*Task statement*
Find the line with "建面约101㎡的F和G户型都是市面上备受认可的飞机经典款户型。" in the data below. Repeat it and every line after it up to the end, exactly, but drop the pictures.

** Opening The data block **

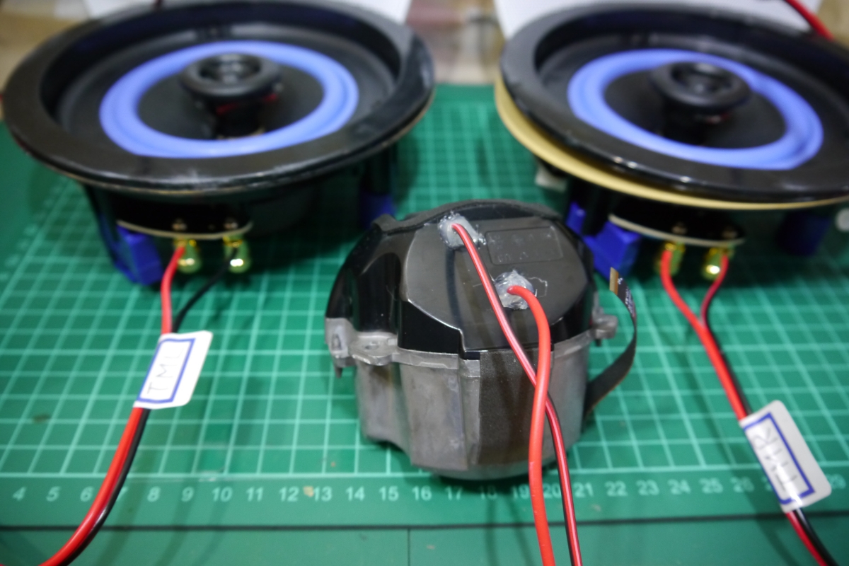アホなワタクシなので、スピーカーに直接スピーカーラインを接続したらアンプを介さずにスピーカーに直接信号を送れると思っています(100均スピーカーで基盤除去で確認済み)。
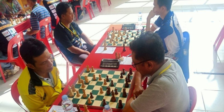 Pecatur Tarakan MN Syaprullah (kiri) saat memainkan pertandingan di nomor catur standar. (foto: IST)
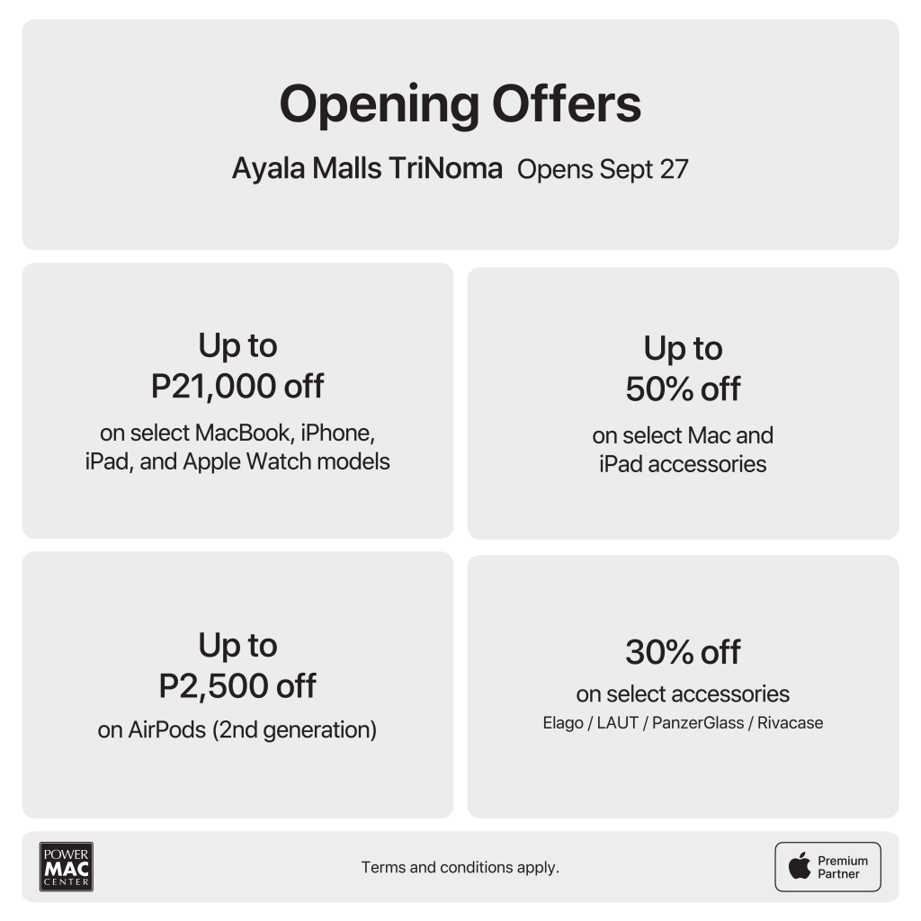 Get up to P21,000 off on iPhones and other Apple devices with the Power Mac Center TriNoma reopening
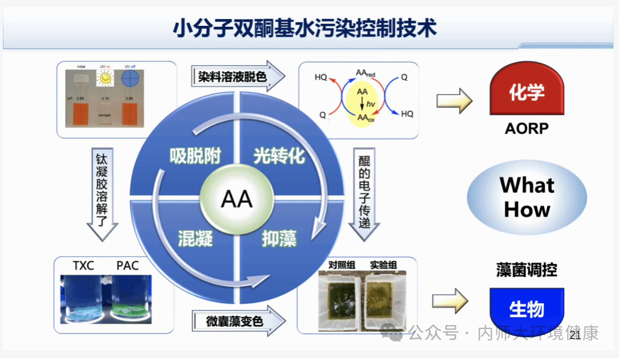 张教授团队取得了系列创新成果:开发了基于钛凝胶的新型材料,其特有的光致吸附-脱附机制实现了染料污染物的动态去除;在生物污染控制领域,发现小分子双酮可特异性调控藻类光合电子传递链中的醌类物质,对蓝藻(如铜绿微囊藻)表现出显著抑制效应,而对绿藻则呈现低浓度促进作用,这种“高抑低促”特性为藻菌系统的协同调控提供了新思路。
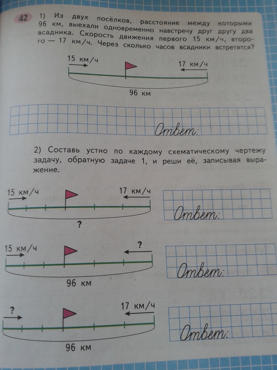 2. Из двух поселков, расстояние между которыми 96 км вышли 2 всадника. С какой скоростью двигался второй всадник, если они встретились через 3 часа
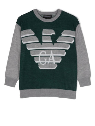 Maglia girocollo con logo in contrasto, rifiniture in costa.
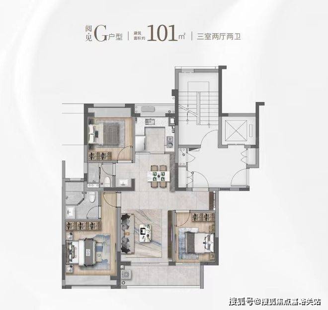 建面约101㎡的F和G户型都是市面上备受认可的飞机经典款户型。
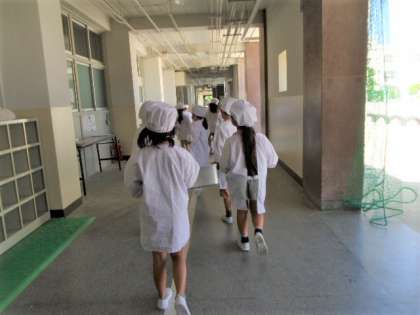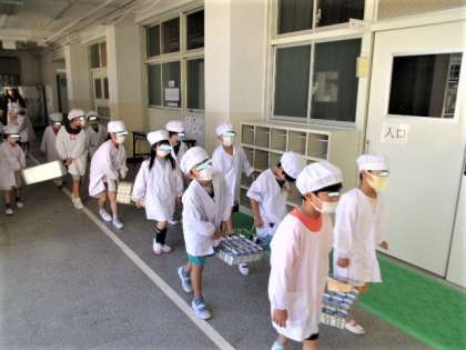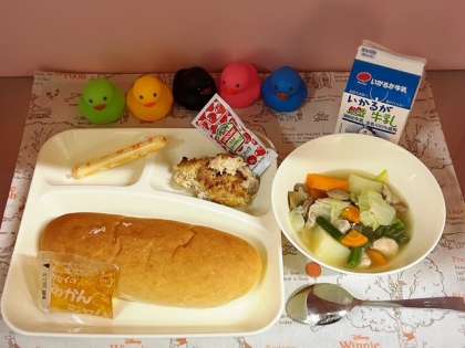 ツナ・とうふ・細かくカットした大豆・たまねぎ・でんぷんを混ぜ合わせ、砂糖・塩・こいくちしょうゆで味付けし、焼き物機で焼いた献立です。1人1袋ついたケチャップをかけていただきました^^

** Closing The data block **

*Written answer*
 建面约101㎡的F和G户型都是市面上备受认可的飞机经典款户型。
 ツナ・とうふ・細かくカットした大豆・たまねぎ・でんぷんを混ぜ合わせ、砂糖・塩・こいくちしょうゆで味付けし、焼き物機で焼いた献立です。1人1袋ついたケチャップをかけていただきました^^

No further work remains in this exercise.